In the listing below, locate the line containing "Der Siëra ist" and the line containing "Kız çocuklar için". Output both of them and every line between, exactly as written, and nothing more.
-------- Given entries
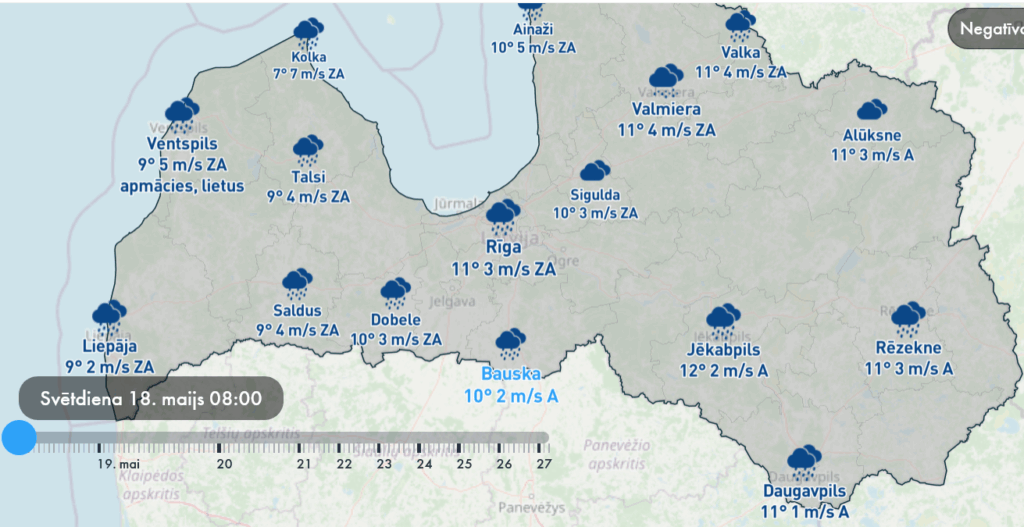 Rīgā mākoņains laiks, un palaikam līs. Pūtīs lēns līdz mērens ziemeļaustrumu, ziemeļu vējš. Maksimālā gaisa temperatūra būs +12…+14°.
----------------
-------- Given entries
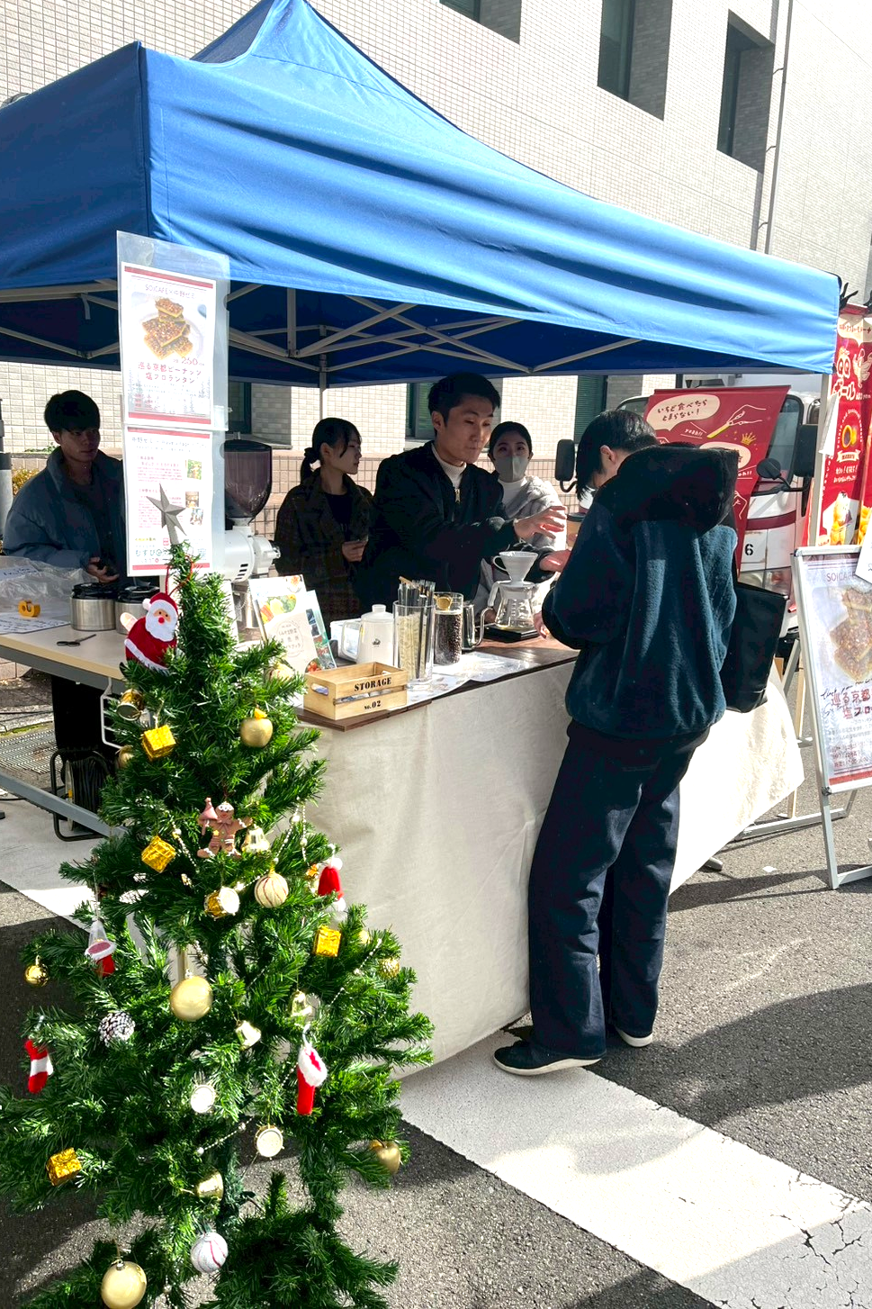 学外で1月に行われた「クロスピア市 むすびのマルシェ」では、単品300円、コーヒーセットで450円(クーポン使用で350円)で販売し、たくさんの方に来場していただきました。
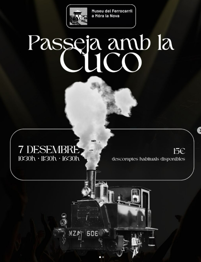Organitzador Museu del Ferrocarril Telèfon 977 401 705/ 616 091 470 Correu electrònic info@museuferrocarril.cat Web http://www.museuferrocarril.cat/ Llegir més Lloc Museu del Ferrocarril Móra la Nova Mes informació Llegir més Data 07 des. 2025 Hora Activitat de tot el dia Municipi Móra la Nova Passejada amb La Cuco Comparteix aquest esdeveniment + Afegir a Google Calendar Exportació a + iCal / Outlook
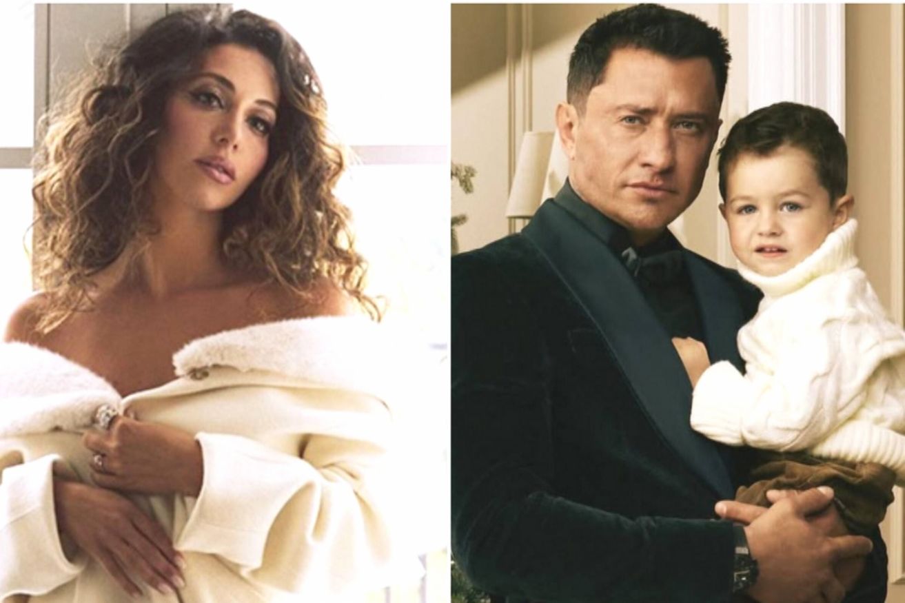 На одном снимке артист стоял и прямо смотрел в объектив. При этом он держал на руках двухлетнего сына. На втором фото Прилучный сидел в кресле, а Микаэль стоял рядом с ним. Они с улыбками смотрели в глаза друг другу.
----------------
-------- Given entries
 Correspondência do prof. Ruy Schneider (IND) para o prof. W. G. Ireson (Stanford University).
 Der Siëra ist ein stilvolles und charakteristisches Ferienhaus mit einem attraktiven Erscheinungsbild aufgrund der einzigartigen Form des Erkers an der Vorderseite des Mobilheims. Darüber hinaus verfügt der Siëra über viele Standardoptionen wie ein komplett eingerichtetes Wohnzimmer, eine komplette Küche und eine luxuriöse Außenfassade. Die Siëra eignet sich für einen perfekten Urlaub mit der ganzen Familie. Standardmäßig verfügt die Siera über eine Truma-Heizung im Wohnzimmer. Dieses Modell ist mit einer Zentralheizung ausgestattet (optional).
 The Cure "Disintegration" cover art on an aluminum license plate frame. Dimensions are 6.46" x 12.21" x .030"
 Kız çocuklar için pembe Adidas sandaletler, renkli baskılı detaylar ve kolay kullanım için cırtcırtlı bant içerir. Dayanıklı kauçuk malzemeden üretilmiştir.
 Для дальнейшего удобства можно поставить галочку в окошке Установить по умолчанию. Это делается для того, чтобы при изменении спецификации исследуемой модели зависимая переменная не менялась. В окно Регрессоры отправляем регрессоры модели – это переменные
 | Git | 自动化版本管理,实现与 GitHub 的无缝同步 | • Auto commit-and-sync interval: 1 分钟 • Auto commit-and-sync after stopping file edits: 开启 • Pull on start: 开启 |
----------------
## Written response
 Der Siëra ist ein stilvolles und charakteristisches Ferienhaus mit einem attraktiven Erscheinungsbild aufgrund der einzigartigen Form des Erkers an der Vorderseite des Mobilheims. Darüber hinaus verfügt der Siëra über viele Standardoptionen wie ein komplett eingerichtetes Wohnzimmer, eine komplette Küche und eine luxuriöse Außenfassade. Die Siëra eignet sich für einen perfekten Urlaub mit der ganzen Familie. Standardmäßig verfügt die Siera über eine Truma-Heizung im Wohnzimmer. Dieses Modell ist mit einer Zentralheizung ausgestattet (optional).
 The Cure "Disintegration" cover art on an aluminum license plate frame. Dimensions are 6.46" x 12.21" x .030"
 Kız çocuklar için pembe Adidas sandaletler, renkli baskılı detaylar ve kolay kullanım için cırtcırtlı bant içerir. Dayanıklı kauçuk malzemeden üretilmiştir.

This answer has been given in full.